Companies like Doordash generate great returns for their investors, which in turn inspires investment in venture capital as an asset. A new wave of interest in the category. This cycle keeps repeating, and by 2040 we may be talking about a new investment technique that suffers from similar price dislocations. This is the current state of venture capital. To further illustrate this point, there are a few themes that I think are very clear regarding the current state of venture capital:

  1. We are in a period of low liquidity, near the bottom of the market cycle. 2022 has been the year with the fewest IPOs since the global financial crisis, and 2023 will not improve significantly.

The general status quo of the venture capital market: competition is fierce and returns are concentrated in specific areas

  1. Apps have been the gift that keeps on giving, accounting for 8% of all IPOs since 1996, but it is maturing as a venture capital sub-sector. As a result, the investable market opportunities are shrinking.

The general status quo of the venture capital market: competition is fierce and returns are concentrated in specific areas

  1. Venture capital has never been more competitive. The venture capital asset class has more than quadrupled in the past 20 years. This reflects "your profit margin is my opportunity."

The general status quo of the venture capital market: competition is fierce and returns are concentrated in specific areas

  1. For assets that are considered unique, price is no longer a consideration. Revenue multiples of 100x are accepted and increasingly common.

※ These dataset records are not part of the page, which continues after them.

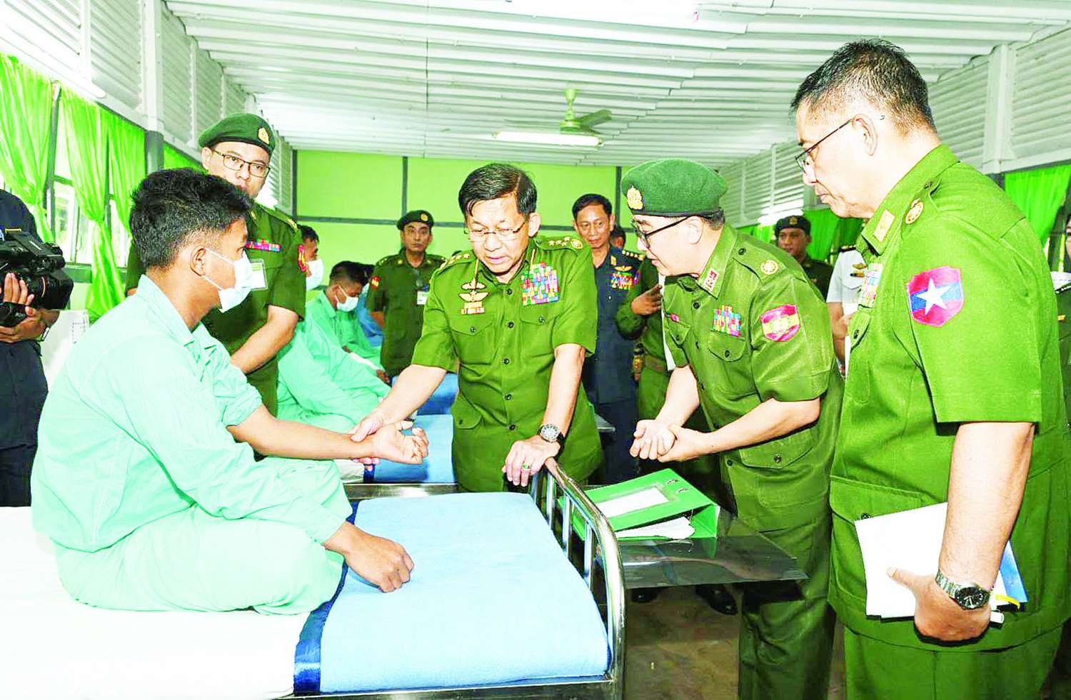 နိုင်ငံတော်စီမံအုပ်ချုပ်ရေးကောင်စီဥက္ကဋ္ဌ တပ်မတော်ကာကွယ်ရေးဦးစီးချုပ် ဗိုလ်ချုပ်မှူးကြီး မင်းအောင်လှိုင် မိတ္ထီလာမြို့ရှိ တပ်မတော်ဆေးရုံ၌ တက်ရောက်ကုသမှုခံယူလျက်ရှိသည့် အရာရှိ၊ စစ်သည်များ၏ ကျန်းမာရေးအခြေအနေများအား သွားရောက်ကြည့်ရှုအားပေးပြီး လိုအပ်သည်များ ဖြည့်ဆည်းဆောင်ရွက်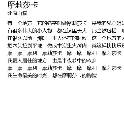 | 有一个地方 它的名字叫做摩莉莎卡 是我的兄弟姐妹 永远不会忘记的家 | |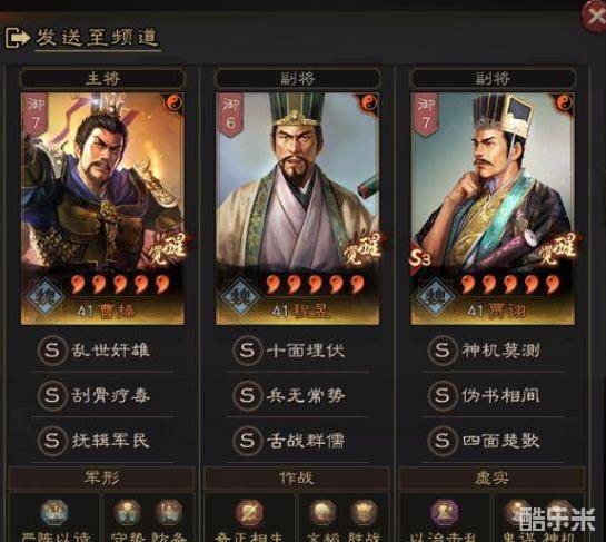 这里不推荐程昱带其他输出战法了,理由是程昱会被贾诩混乱,程昱的定位是补伤害,和高智力辅助,带阵法和指挥技他不香吗?其他直接的主动伤害技能直接给贾诩带就好了。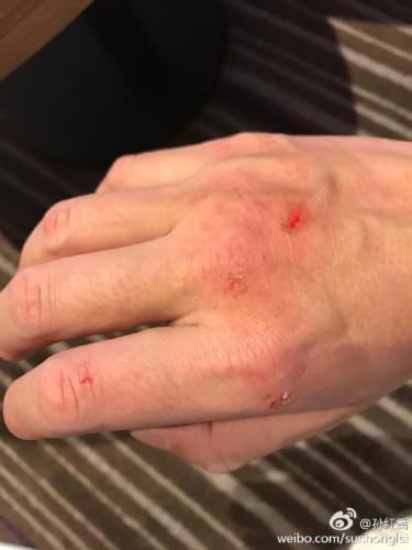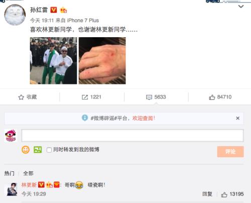 日前,孫紅雷分享了和林更新一起錄制《極限挑戰(zhàn)》的照片,并一同曬出自己擦傷明顯、多處流血的右手,配文稱(chēng):“喜歡林更新同學(xué),也謝謝林更新同學(xué)……”林更新隨后轉(zhuǎn)發(fā)并回復(fù)孫紅雷,“哥啊,碰瓷!”圖片中,孫紅雷與林更新正在錄制中,孫紅雷舉起右手指點(diǎn)傷疤,嬉笑著和面前的人解釋?zhuān)指挛挥谒砗,看不出表情?/p>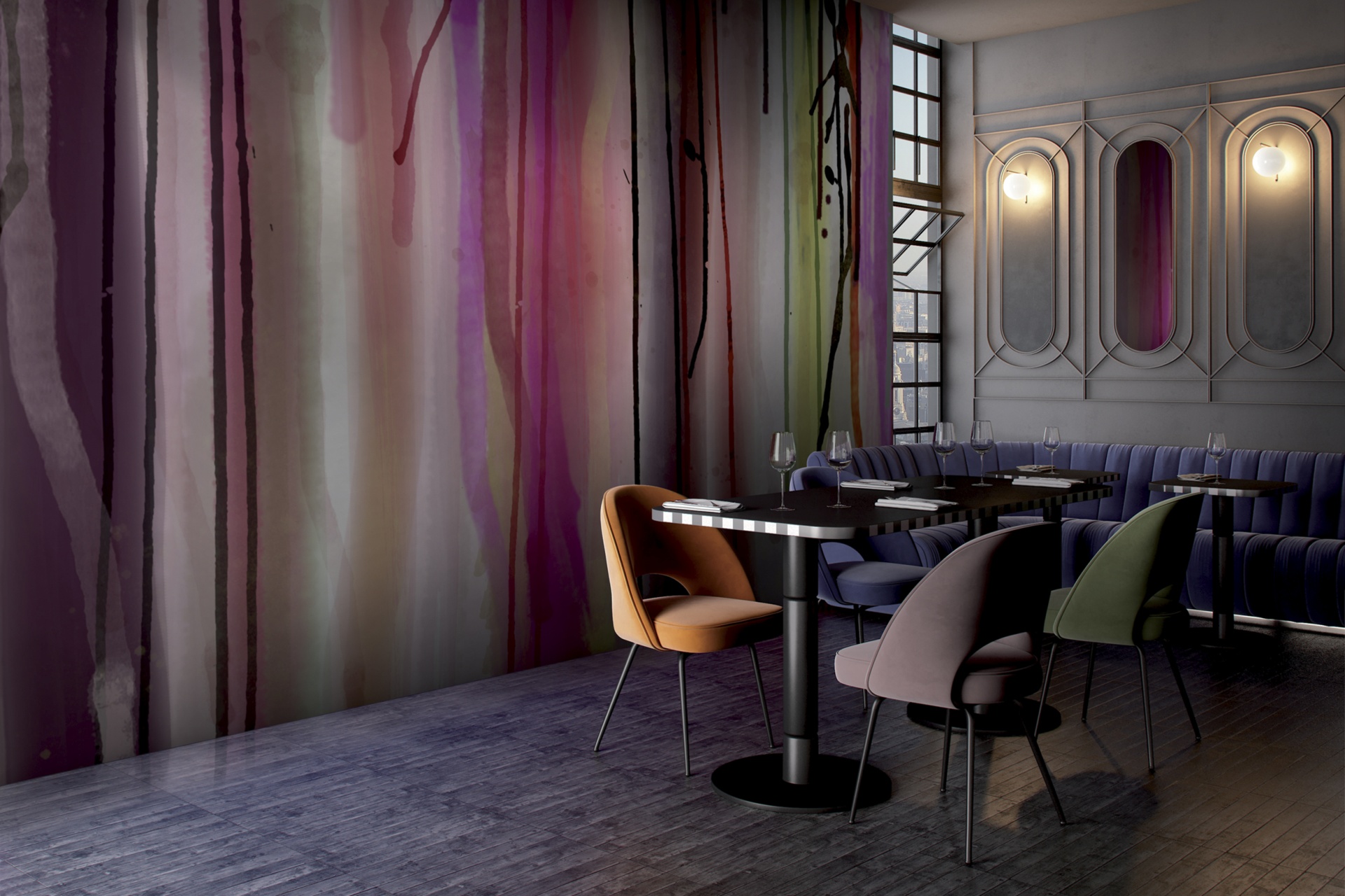 Tapeta se vyrábí na míru. Po výběru motivu, materiálu a definování rozměru plochy vám pošleme grafický návrh a cenovou nabídku.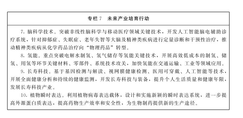 加強支撐未來產(chǎn)業(yè)的突破性和顛覆性技術(shù)研發(fā),聚焦類腦智能、基因技術(shù)、未來網(wǎng)絡(luò)、深??仗扉_發(fā)、氫能與儲能等前沿科技和產(chǎn)業(yè)變革領(lǐng)域,培育中子技術(shù)、下一代顯示、軟磁材料、新型光存儲、腦科學(xué)等一批未來產(chǎn)業(yè)。支持高校院所、領(lǐng)軍企業(yè)和重大科技基礎(chǔ)設(shè)施等優(yōu)勢科技創(chuàng)新資源,建設(shè)未來產(chǎn)業(yè)技術(shù)研究中心、研究院等新型研發(fā)機構(gòu),創(chuàng)新體制機制,強化前沿技術(shù)多路徑探索、交叉融合和顛覆性技術(shù)源頭供給。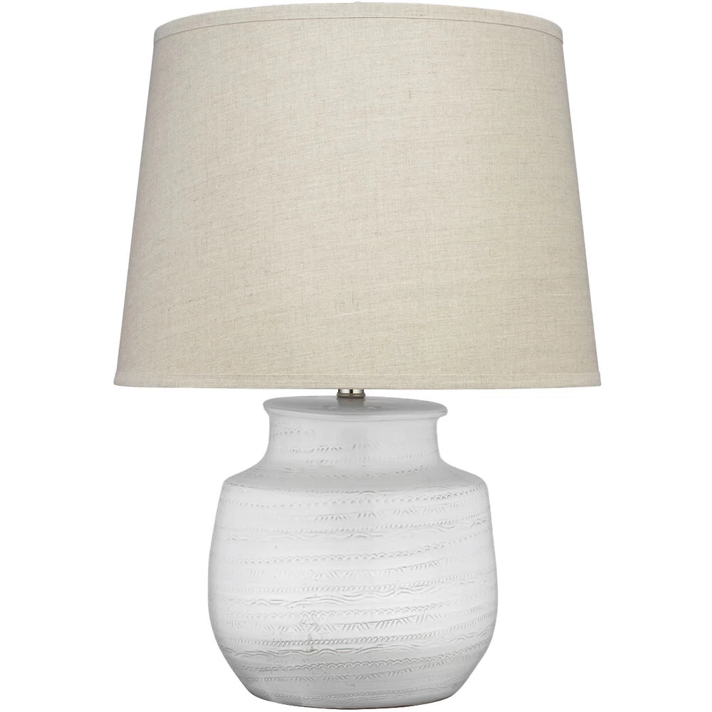 This off-white table lamp has a subtle texture traced around the lamp body, creating a coastal elegance yet whimsical piece for any room.
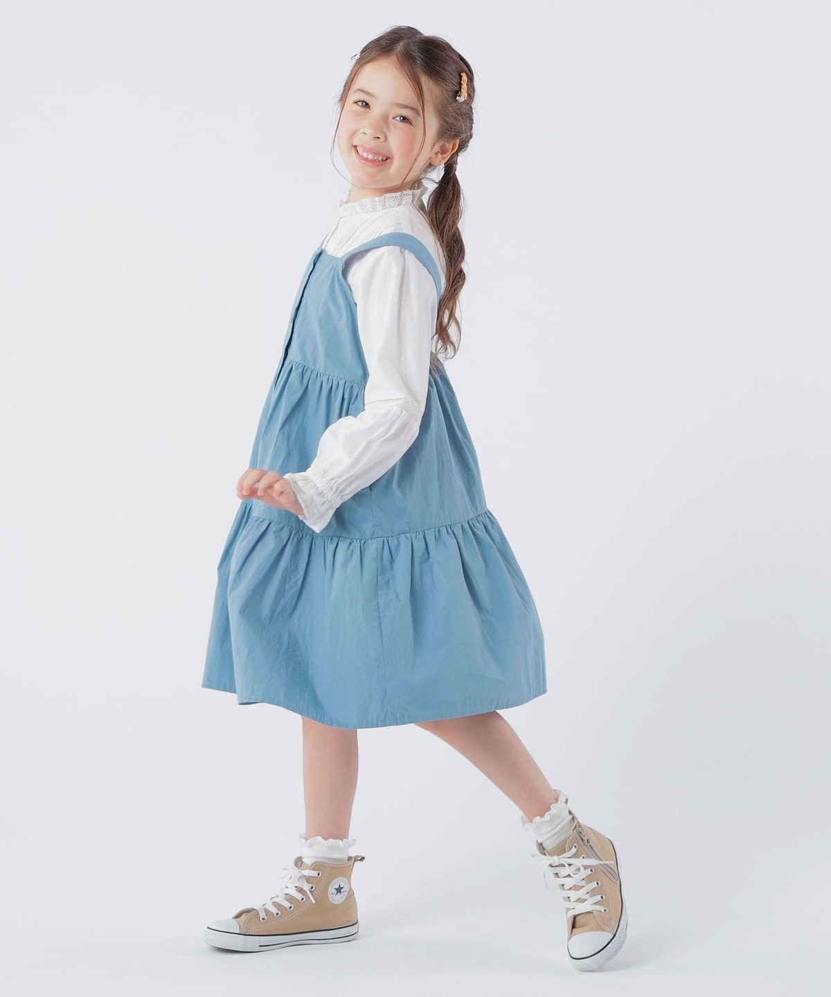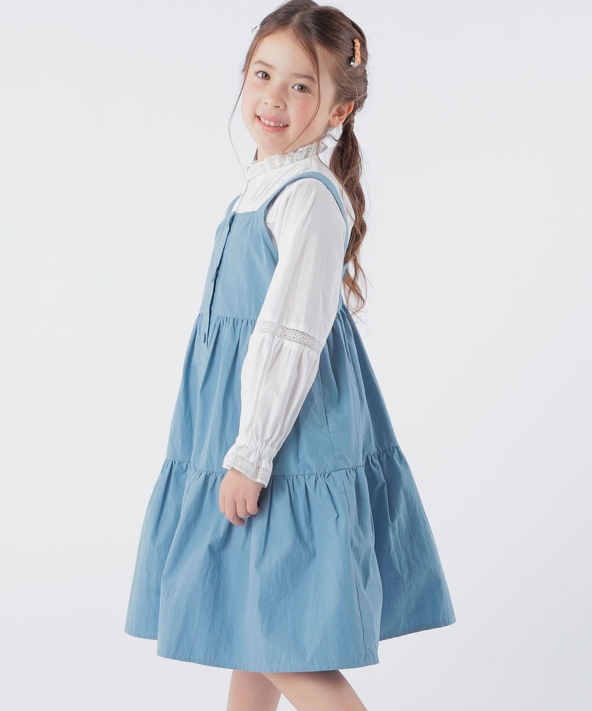 袖口、襟元にピンタックとレースをあしらった、女の子らしい上品なデザインが特徴。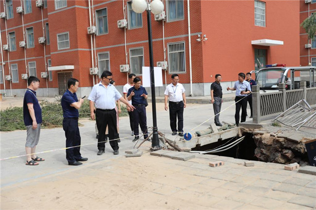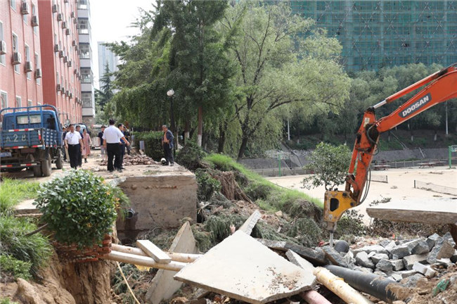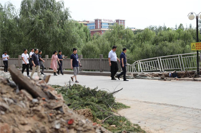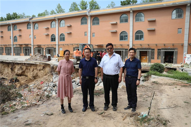 工作會(huì)結(jié)束后,平奇一行來(lái)到學(xué)校受災(zāi)嚴(yán)重的藝術(shù)樓、書(shū)望書(shū)院、后山、無(wú)名湖等處,實(shí)地勘察受災(zāi)情況,看望和慰問(wèn)了災(zāi)后重建的工作人員們,代表教育廳對(duì)他們不辭辛苦、積極進(jìn)行防汛救災(zāi)工作表示的感謝。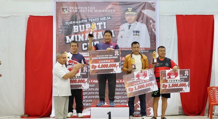 TONDANO, identitasnews.id- Pelaksanaan Kejuaraan Tenis Meja tingkat Kabupaten Minahasa yang digelar tanggal 26-28 Juli dan dilanjutkan dengan Open Turnamen Tenis Meja Bupati Minahasa Cup pada tanggal 1-3 Agustus yang diikuti ratusan atlit berbagai Perkumpulan Tenis Meja (PTM) dari kabupaten/kota se-Sulawesi Utara sukses dihelat di gedung Wale Ne Tou Tondano.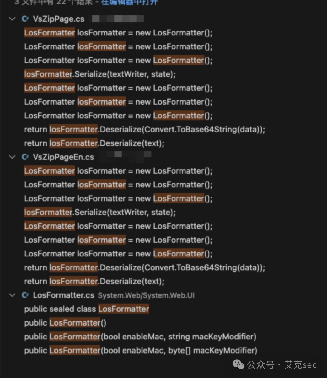 两个类new了LosFormatter对象(由名字可以看到一个为英文版本分析其中一个即可)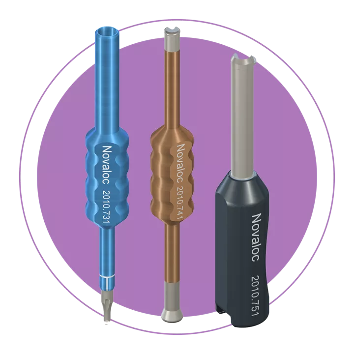 • Disponível alojamento de matriz em titânio ou PEEK de cor neutra.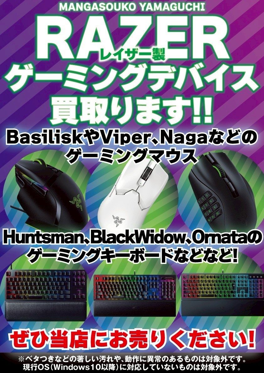 2025.06.09 買取情報 takalab_3 ただいまマンガ倉庫山口店では、ゲーミングデバイスの買取を強化しています。 X.com Facebook はてブ LINE Pocket ただいまマンガ倉庫山口店では、ゲーミングデバイスの買取を強化しています。 Logicool、Razer、ELECOM ゲーミングマウスやキーボード、モニター等どんどん集めています! お売りいただけるゲーミングデバイスは是非マンガ倉庫山口店へお持ちください! 2025/6/9 現在の価格となっております。 相場の変動や在庫状況により告知なく価格が変更となる場合がございますのでご了承ください。 ********************************** その他買取情報はこちら! その他イベント情報はこちら! シェア! X.com Facebook はてブ LINE Pocket feedly コメントを残す コメントをキャンセルメールアドレスが公開されることはありません。 ※ が付いている欄は必須項目ですコメント ※ 名前 ※ メール ※ サイト 新しいコメントをメールで通知 新しい投稿をメールで受け取る Δ このサイトはスパムを低減するために Akismet を使っています。コメントデータの処理方法の詳細はこちらをご覧ください。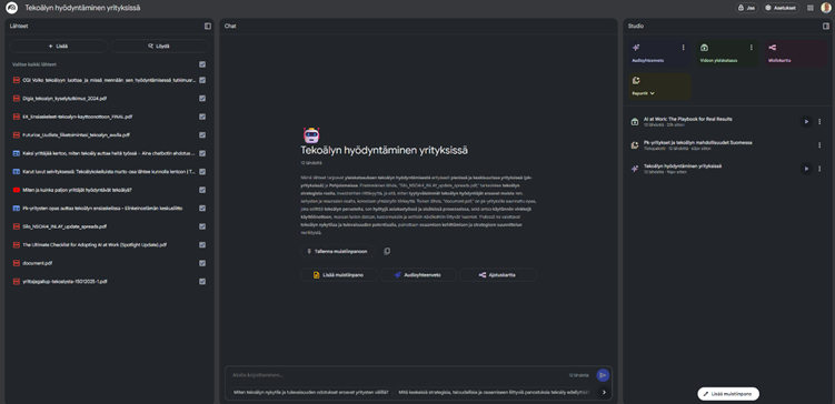 NotebookLM-sovelluksessa käyttäjä kerääkin itse luotettavat lähteet ja aineistot ja käsittelee niitä tekoälyn avulla. Tämä soveltuu asioiden oppimiseen ja asiantuntijatyön tekemiseen. Edelleen kannattaa kuitenkin tarkistaa tekoälyn aineistosta tekemät tulkinnat.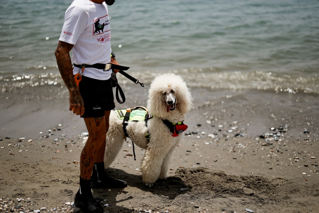 這隻兩歲的標準貴賓犬身披蓬鬆的白色毛髮,胸前繫着救生衣,長鼻子上塗滿防曬霜,顯得與眾不同——西班牙海灘救援隊通常使用拉布拉多犬和紐芬蘭犬。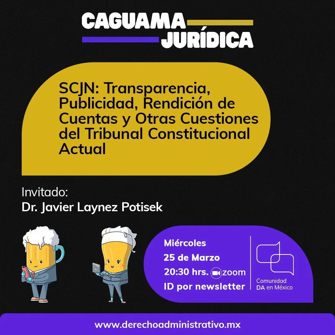 La primera va en relación a la duda de mucha gente: ¿cómo puedo participar en la caguama jurídica? Muy simple. Nos reunimos virtualmente todos los miércoles a las 20:30 horas de la Ciudad de México y el enlace se envía ese mismo día, por la tarde, a quienes se suscriben gratuitamente al newsletter de DA.MX.® (www.derechoadministrativo.mx).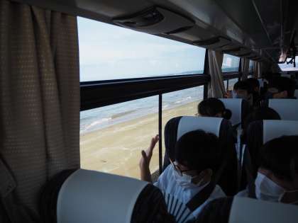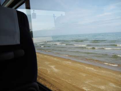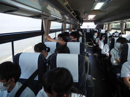 千里浜海岸をバスで走りました。波打ち際ぎりぎりを走るバスに車内は大いに盛り上がりました。

The general status quo of the venture capital market: competition is fierce and returns are concentrated in specific areas

If I had to simplify my core argument, it would be that when you turn $7 million into $4 billion, it tends to attract competition, and competition is the defining factor in the current state of venture capital. Pricing, deal velocity, the intensity of the deal process, all of these are born out of competition, and the competitive dynamics in the venture capital space today are on full display with A Tale of Two Cities; there are AI-native companies and all the rest right now.

Now the real question is, if this is the current state of venture capital, so what? I have my own ideas and strategies that I'm implementing, but I'll keep those ideas to myself for now. In the meantime, I wish you all a great week and good luck with your investing.

  1. For the avoidance of doubt, I have not spoken directly with these companies. These figures are estimates I gleaned from public records and private conversations.

  2. To be clear, I’m not saying these are prerequisites for success, but they are strong early indicators of the density of talent being gathered.